In the present work, a high-strength composite steel structure developed by imparting laser surface hardening treatment on a low-carbon low-Manganese automotive steel sheet has been comprehensively analysed. The layered composite steel structure has been successfully developed by re-engineering the surface of the steel using diode laser hardening treatment up to a depth of 250–300 µm through its thickness. Hardness at the treated surface improved by 150% to that of its base due to formation of a mixture of hard phases constituting martensite and bainite along with retained ferrite. Indeed, coupling EBSD technique with Weibull distribution of various phase fractions determined by image quality helped analyse microstructure effectively. The tensile property of the layered composite steel sheet was found to yield significant improvements in both Yield Strength (YS) (40–44%) and Ultimate Tensile Strength (UTS) (19–21%) due to sandwich effect of composite layer constituting hardened layer and soft base accomplished by a strengthening mechanism associated with rule of mixtures concept. In fact, Young’s modulus of the composite steel sheet, determined from slope of tensile stress–strain diagram was found to be convergent with ultrasonic test result. Additionally, the crystallographic texturing effects of the hardened layer and untreated base measured using standard XRD technique re-confirmed their influence on Young’s Modulus and r-bar values obtained.
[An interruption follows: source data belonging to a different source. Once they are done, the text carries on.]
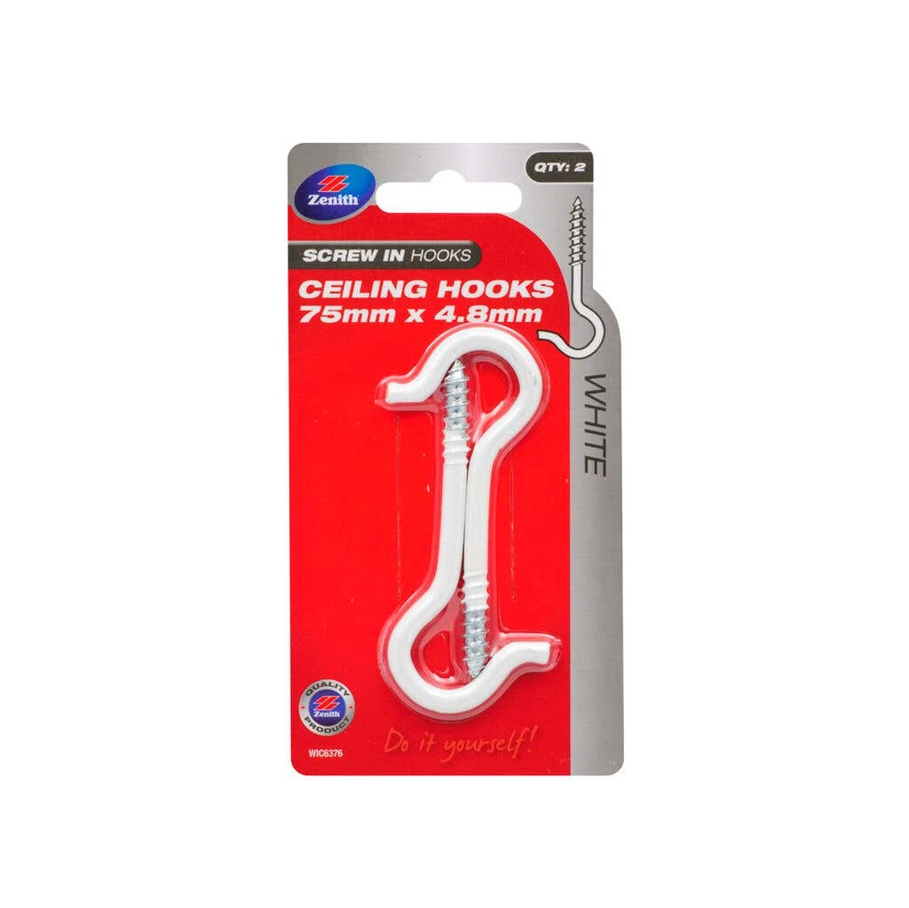 Zenith Ceiling Hooks are a heavy duty hook ideal for hanging medium to heavy items. These hooks have two sections: a curved hook section followed by a threaded component designed to hold into timber. In most applications ceiling hooks can be screwed in by hand, in some instances pre-drilling is required.
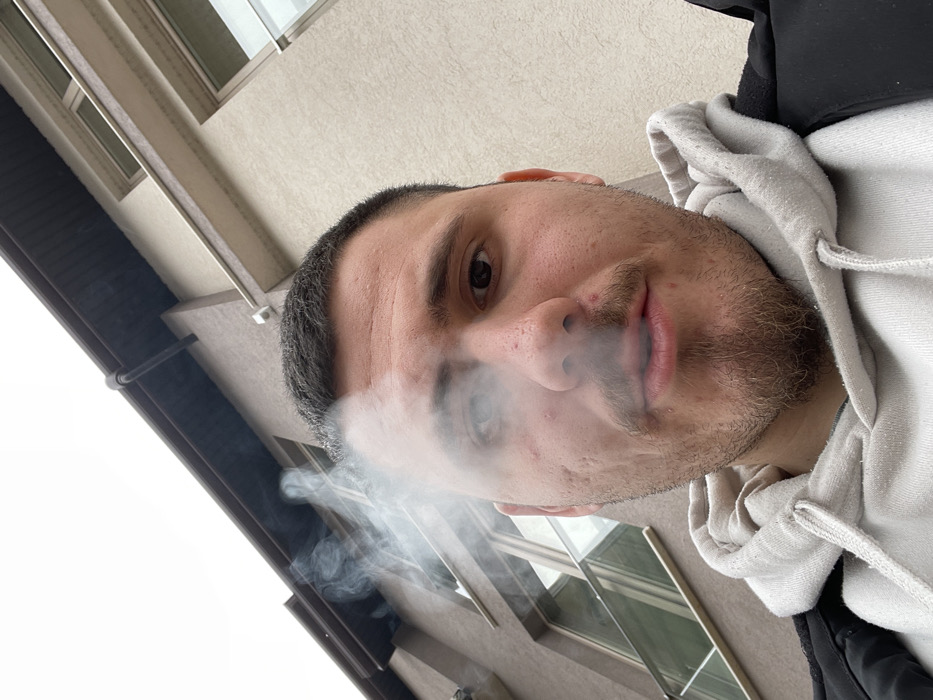 The scene is located in the city of Svilengrad, Bulgaria. An adult male is captured in a low-angle, close-up photograph. He has short dark hair, a mustache, and stubble, with visible acne scarring on his cheeks. The subject is wearing a light grey hooded sweatshirt beneath a black jacket. He is exhaling smoke from his mouth, which dissipates towards the upper left of the frame. The background consists of a multi-story building with light beige stucco or rendered walls, multiple dark-framed windows, and a dark brown gutter system running along the eaves. A white security camera or sensor is affixed to the building's facade. The sky above is overcast and white.
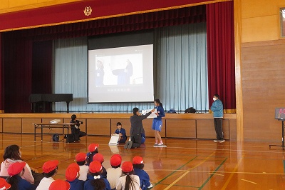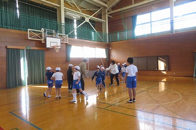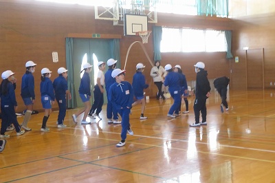 階段の上り下りの誘導のお手本を見せてもらい、3年生もチャレンジしました。
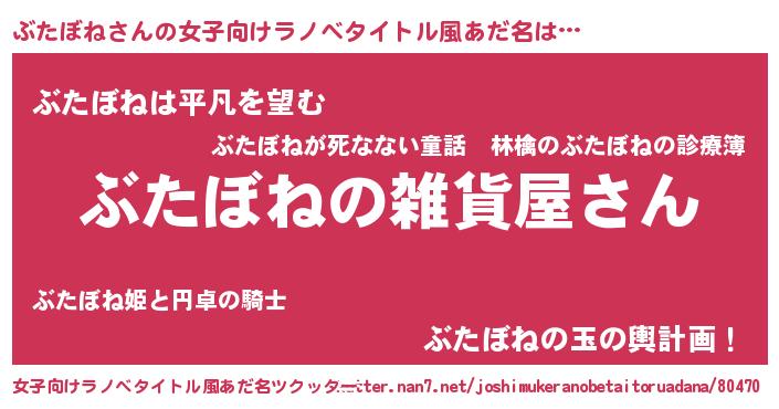 | 男性向けラノベタイトル風あだ名 | 『やはりぶたぼねの青春ラブコメはまちがっている 』 |

在目前的工作中，对低碳低锰汽车钢板通过激光表面硬化处理开发的高强度复合钢结构进行了综合分析。通过使用二极管激光硬化处理对钢的表面进行重新设计，层状复合钢结构已成功开发，其厚度可达 250–300 µm 的深度。由于形成了由马氏体和贝氏体以及残留铁素体组成的硬质相的混合物，处理过的表面的硬度比其基体的硬度提高了 150%。事实上，将 EBSD 技术与由图像质量确定的各种相分数的威布尔分布相结合，有助于有效地分析微观结构。由于构成硬化的复合层的夹心效应，发现层状复合钢板的拉伸性能在屈服强度 (YS) (40-44%) 和极限拉伸强度 (UTS) (19-21%)层和软基础通过与混合物规则相关的强化机制实现。事实上，发现复合钢板的杨氏模量，由拉伸应力-应变图的斜率确定，与超声测试结果趋同。此外，使用标准 XRD 技术测量的硬化层和未处理基材的晶体纹理效应再次证实了它们对所获得的杨氏模量和 r-bar 值的影响。